Ветлугин, увлеченный изучением корешков книг, уже не вслушивался в их разговор. Он взял книгу британского полковника Альберта Ситона «Сталин как полководец» и принялся с интересом листать – первую, как утверждалось в предисловии, истинно серьезную работу на Западе о роли Сталина в Гражданской войне и во Второй мировой. Ему не терпелось полистать и ряд других книг, довольно многочисленных, посвященных различным сторонам советской действительности, и его удивило, с какой определенной последовательностью Дарлингтон накапливал книги о СССР. Вообще, в его библиотеке перемешивались солидные тома и пестрые брошюры, но с четким тематическим подбором – по рабочему и профсоюзному движению, по экономике и промышленности; биографии и мемуары выдающихся деятелей, в основном политических, разных эпох и разных стран. Было много энциклопедических словарей и справочников и совершенно отсутствовала художественная литература.

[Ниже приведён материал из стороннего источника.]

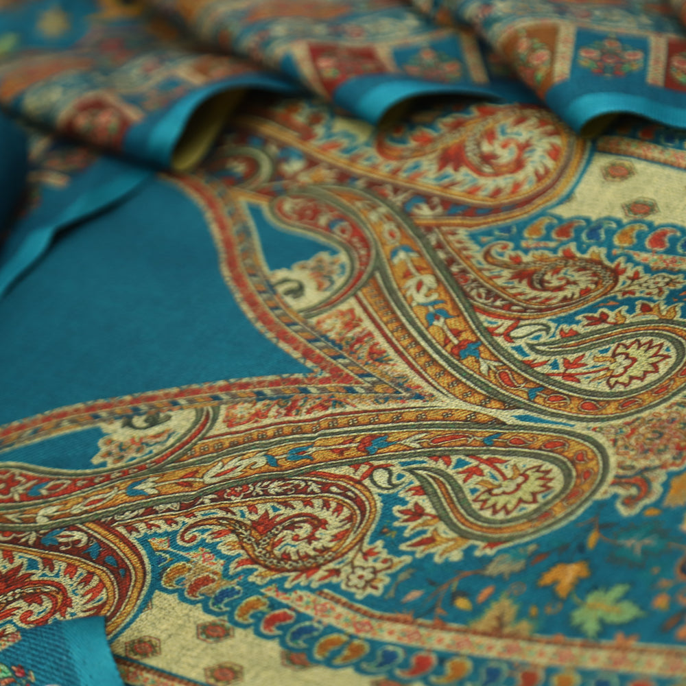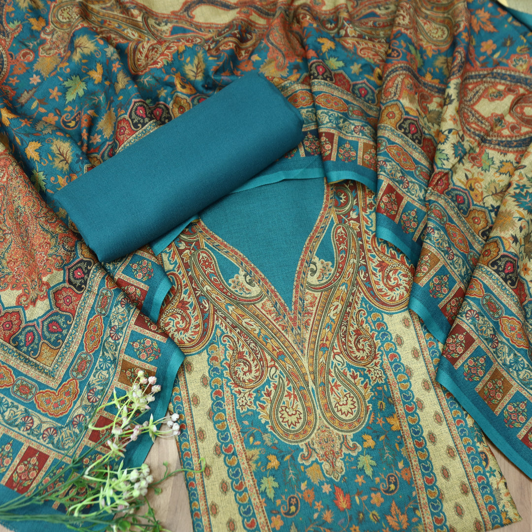 काशगिरि Cerulean Teal with Elegant Digital Printed Work Semi Pashmina winter Set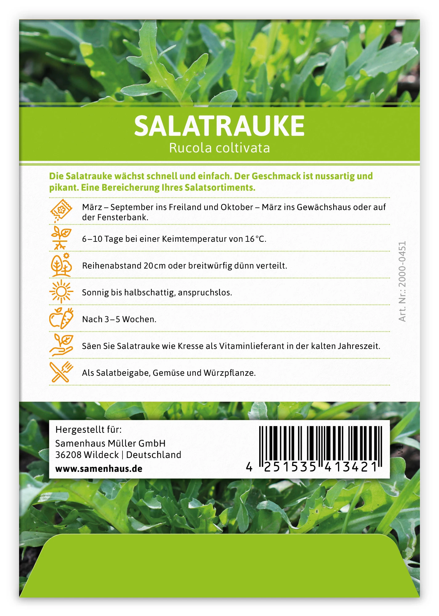 Die Salatrauke wächst schnell und einfach. Der Geschmack ist nussartig und pikant. Eine Bereicherung Ihres Salatsortiments.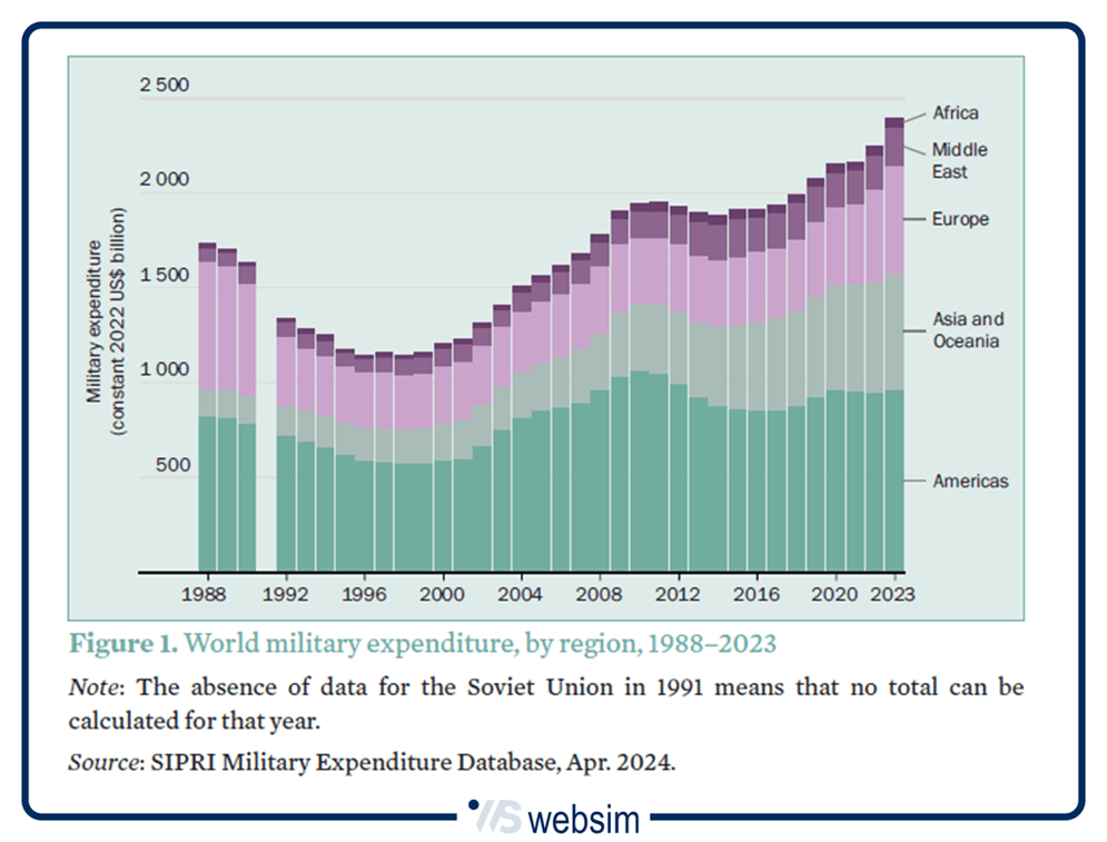 Grafico 1: spese militari mondiali e per macroregioni geografiche 1988-2023. Fonte Sipri aprile ’24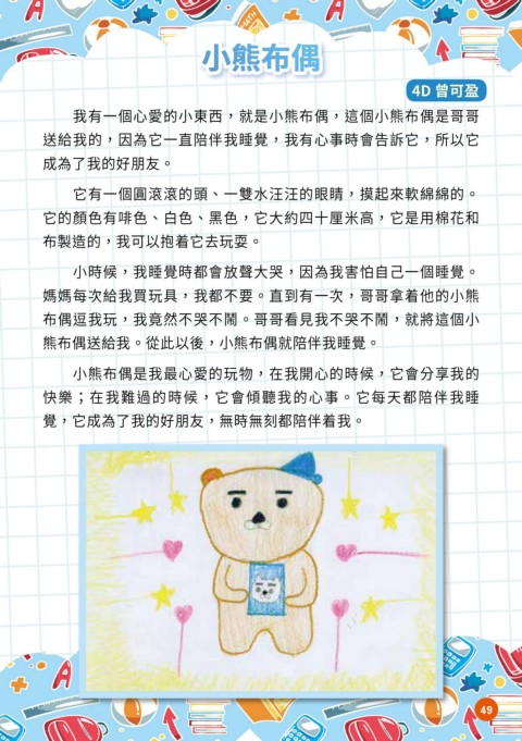小熊布偶是我最心愛的玩物,在我開心的時候,它會分享我的
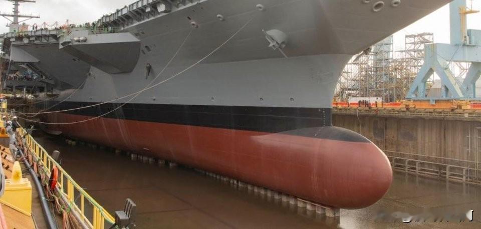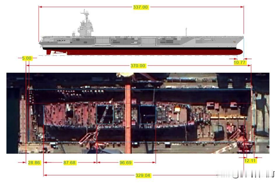 这个船坞总长370米,不过卫星图拍摄角度有点倾斜——画面里船坞上下边缘的投影能差出5米左右。 目前舰尾离船坞后壁大约28.86米,而舰艏下方起支撑作用的墩子,离前壁还有12.11米。参考福特级的设计,这类墩子通常会一直铺到球鼻艖的水平段尽头,舰艏最尖端再往前延伸约10.77米。004型稍大一些,我们不妨估算成11米。 这样一来,目前能看到的船体部分,长度大约是329.04米,再加上舰艏那截“隐藏”的11米,总长就接近340米左右了。 不过舰尾是不是还藏着未组装的模块?这可就说不准了,也许整体长度还会再增加一点。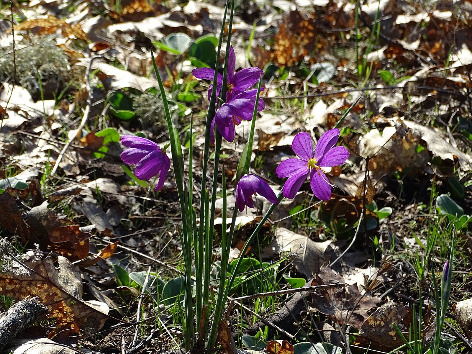 Wildflower season has finally arrived in southern Oregon. Two weeks ago, we took the Tunnel Ridge trail in the Siskiyou foothills south of Jacksonville – an excellent early-season wildflower hike, most years – and saw nary a flower. This week, though, in the Cathedral Hills just outside Grants Pass, the story was different. There was a scattering of milkmaids (Cardamine californica) along the two trails we took. There was a concentration of grass widows (Olsynium douglasii) along one ridge. And Indian warriors (Pedicularis densiflora) were popping out of the ground everywhere.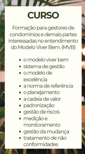 Ideal para quem já tem expertise em Gestão Empresarial e quer aprender o que é o Modelo Viver Bem para melhorar a gestão e o convívio em condomínios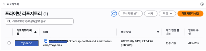"repositoryUri": "[AWS ID].dkr.ecr.ap-northeast-2.amazonaws.com/my-backend",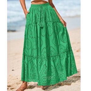 Boho Eyelet Lace stretchy waist Flowy Maxi Skirt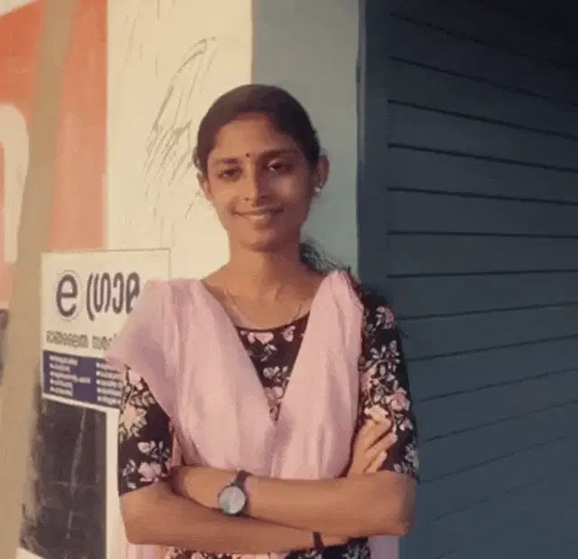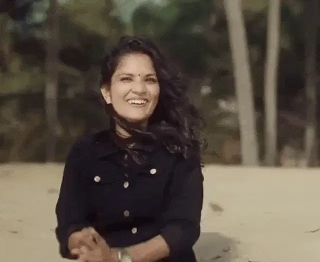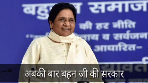 Mayawati, also known as Bahan Ji, smiling in front of a blue banner with the political slogan 'Abki baar Behan Ji ki Sarkar'.

Книгой о Сталине Ветлугин зачитался. Его поколение, как говорится, детей войны, довольно противоречиво относилось к «вождю всех народов», пережив в юности потрясение при разоблачении его культа. Святая вера рушилась, как горы при землетрясении, огнедышащая лава фактов выжигала всю незыблемость мировосприятия. Возник один удушающий вопрос: зачем  т а к-т о  было?.. Шли годы, потрясение врачевалось, а пустота, возникшая в душах, росла. Вернее, не пустота, а то отсечение души, которое никак не восстанавливалось. Но все-таки потихоньку утверждалась объективность восприятия исторической правды: мол, таково было  т о  время,  т а  эпоха, и не судить им надо, а знать, чтобы худшее не повторилось. А потому упрямее возникало желание понять и постичь, не забывая ничего, – ни собственных слез, когда не мыслилось будущее  б е з  н е г о; ни мучительных состраданий к тем, кто безвинно погибал на Соловках и Колыме; ни истовой святости в битве с фашизмом под  е г о  верховной рукой. И потому нетерпение  з н а т ь  о нем, о той эпохе, о тех людях, по крайней мере, в его поколении становилось по мере взросления и возмужания неудержимее.

Полковник Ситон, отмечал Ветлугин, с удивительной военной прямотой и ясностью, не игнорируя никаких фактов и факторов, излагал начальные дни гитлеровского вторжения в СССР без каких-либо нюансов, тем более догадок, а с редкой способностью к холодной исторической объективности. Каждая фраза будила воображение, выстраивая зрительный ряд, как в кинохронике. Ему очень захотелось прочесть всю книгу. Он взглянул на Взорова и Дарлингтона, те уютно утопали в креслах, улыбчиво-довольные друг другом. Джон продолжал шутить:

– Хороший, Федор, вопрос о Григиншоу. С весны он ведь у нас в лордах! Чему ты удивлен? А-а, понимаю тебя. Еще бы! Бывший котельщик, так и не избавившийся от своего кокни[11]11
  Лондонское просторечье, не всегда понятное самим англичанам.


[Закрыть]
, теперь заседает с фамильными пэрами. – Дарлингтон весело смеялся. – А ведь он клялся, что не примет королевское выдвижение. Но слаб человек перед соблазнами, Федор, слаб… Я как-то встретил Григиншоу и спрашиваю: ваше достоинство, как, мол, дела? Какие законы утверждаете? Мол, слышал, что чуть ли не самый примерный лорд – на все заседания являетесь? А он мне шепчет: брось ты, Джон, вечно подшучивать. Я, говорит, сюда, знаешь, зачем хожу? Чтобы гонорар за присутствие получать! – Дарлингтон хохотал, смеялись и Взоров с Ветлугиным. – Я, говорит, приду сюда, в книге у клерка свою закорючку поставлю, двенадцать фунтов в карман – и домой. Тут, говорит, все так делают. А что, оправдывался, чем на неудобной скамье дремать, лучше у себя в кресле прикорну.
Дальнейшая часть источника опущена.